Exercise:
In the records below, find the line with "New groups enrolling" and the line with "Aerial view of"; return exactly those lines and every line between them.

Input for this task:

#####

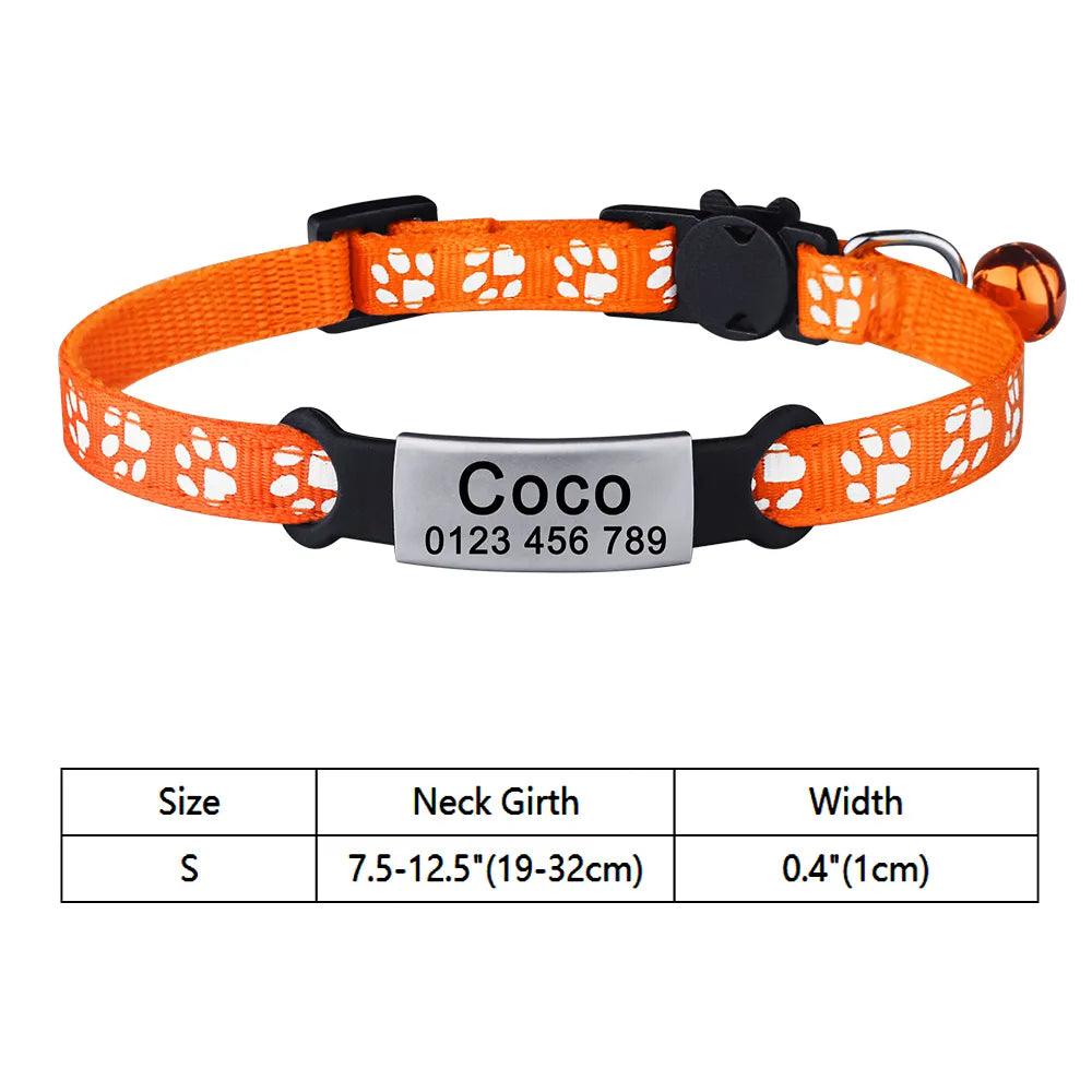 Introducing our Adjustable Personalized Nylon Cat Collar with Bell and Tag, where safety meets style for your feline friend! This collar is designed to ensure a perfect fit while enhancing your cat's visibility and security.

#####

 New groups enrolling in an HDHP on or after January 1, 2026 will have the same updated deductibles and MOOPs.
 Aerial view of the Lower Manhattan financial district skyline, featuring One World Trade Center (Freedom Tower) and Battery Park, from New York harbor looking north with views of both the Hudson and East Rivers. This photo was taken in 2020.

#####

Task answer:
 New groups enrolling in an HDHP on or after January 1, 2026 will have the same updated deductibles and MOOPs.
 Aerial view of the Lower Manhattan financial district skyline, featuring One World Trade Center (Freedom Tower) and Battery Park, from New York harbor looking north with views of both the Hudson and East Rivers. This photo was taken in 2020.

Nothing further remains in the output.